- **Work required**:
Retype nothing but the lines from the start of the material up to and including the line with "Виталий Седюк на". Pictures don't belong in the copy.

###

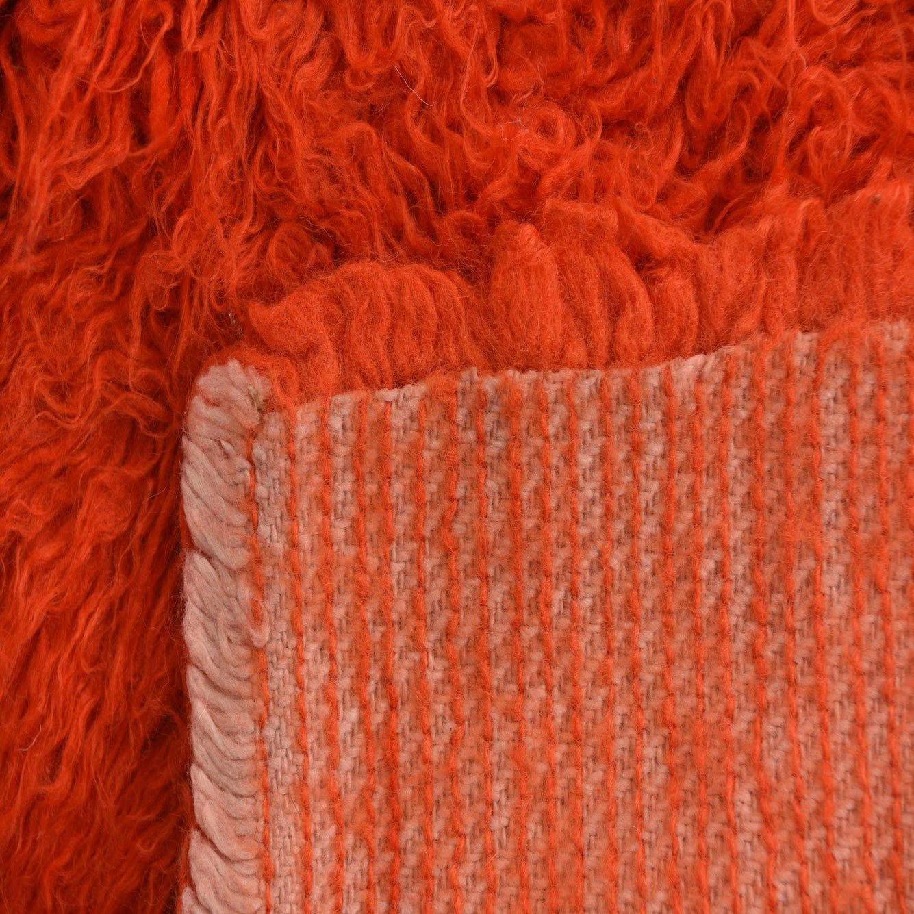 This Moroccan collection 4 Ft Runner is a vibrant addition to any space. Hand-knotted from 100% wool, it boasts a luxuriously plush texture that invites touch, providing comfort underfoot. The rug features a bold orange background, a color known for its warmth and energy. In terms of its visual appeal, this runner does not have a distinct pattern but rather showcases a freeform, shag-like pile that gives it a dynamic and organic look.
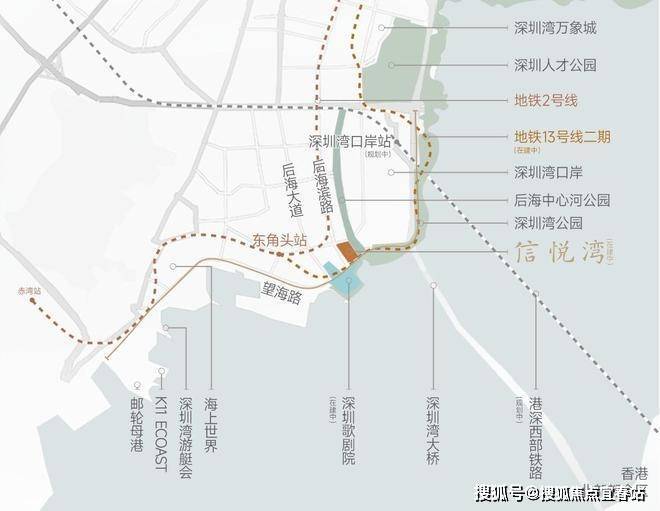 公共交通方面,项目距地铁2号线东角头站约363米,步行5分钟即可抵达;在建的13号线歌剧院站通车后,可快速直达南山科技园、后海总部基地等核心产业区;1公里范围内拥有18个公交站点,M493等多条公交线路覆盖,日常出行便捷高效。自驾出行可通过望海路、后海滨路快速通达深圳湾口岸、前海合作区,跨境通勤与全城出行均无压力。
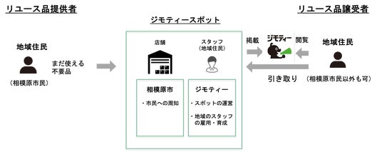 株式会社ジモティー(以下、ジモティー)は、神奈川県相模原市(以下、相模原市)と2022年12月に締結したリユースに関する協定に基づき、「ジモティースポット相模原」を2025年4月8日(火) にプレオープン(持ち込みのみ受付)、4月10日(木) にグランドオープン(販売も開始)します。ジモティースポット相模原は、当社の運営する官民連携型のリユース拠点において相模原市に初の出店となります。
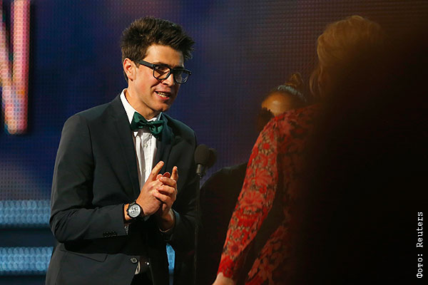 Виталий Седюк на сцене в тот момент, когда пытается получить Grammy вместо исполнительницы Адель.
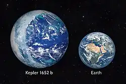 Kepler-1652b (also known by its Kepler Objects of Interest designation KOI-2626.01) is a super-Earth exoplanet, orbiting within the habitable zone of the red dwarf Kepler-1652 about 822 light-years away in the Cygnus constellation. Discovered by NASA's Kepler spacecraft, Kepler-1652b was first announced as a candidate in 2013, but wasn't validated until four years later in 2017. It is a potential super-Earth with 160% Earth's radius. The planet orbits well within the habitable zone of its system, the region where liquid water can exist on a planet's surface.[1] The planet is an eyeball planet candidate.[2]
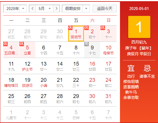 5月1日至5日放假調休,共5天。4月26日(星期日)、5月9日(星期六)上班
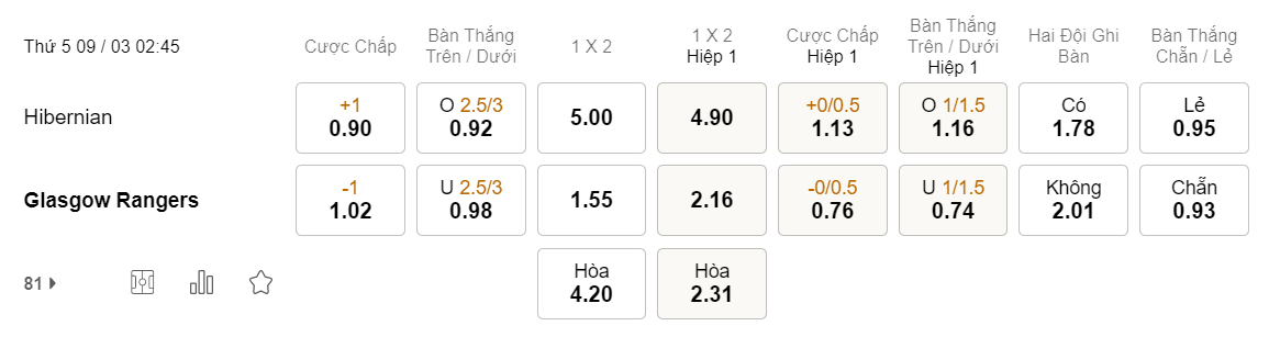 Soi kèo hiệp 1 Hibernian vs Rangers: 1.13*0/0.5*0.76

###

- **Response**:
 This Moroccan collection 4 Ft Runner is a vibrant addition to any space. Hand-knotted from 100% wool, it boasts a luxuriously plush texture that invites touch, providing comfort underfoot. The rug features a bold orange background, a color known for its warmth and energy. In terms of its visual appeal, this runner does not have a distinct pattern but rather showcases a freeform, shag-like pile that gives it a dynamic and organic look.
 公共交通方面,项目距地铁2号线东角头站约363米,步行5分钟即可抵达;在建的13号线歌剧院站通车后,可快速直达南山科技园、后海总部基地等核心产业区;1公里范围内拥有18个公交站点,M493等多条公交线路覆盖,日常出行便捷高效。自驾出行可通过望海路、后海滨路快速通达深圳湾口岸、前海合作区,跨境通勤与全城出行均无压力。
 株式会社ジモティー(以下、ジモティー)は、神奈川県相模原市(以下、相模原市)と2022年12月に締結したリユースに関する協定に基づき、「ジモティースポット相模原」を2025年4月8日(火) にプレオープン(持ち込みのみ受付)、4月10日(木) にグランドオープン(販売も開始)します。ジモティースポット相模原は、当社の運営する官民連携型のリユース拠点において相模原市に初の出店となります。
 Виталий Седюк на сцене в тот момент, когда пытается получить Grammy вместо исполнительницы Адель.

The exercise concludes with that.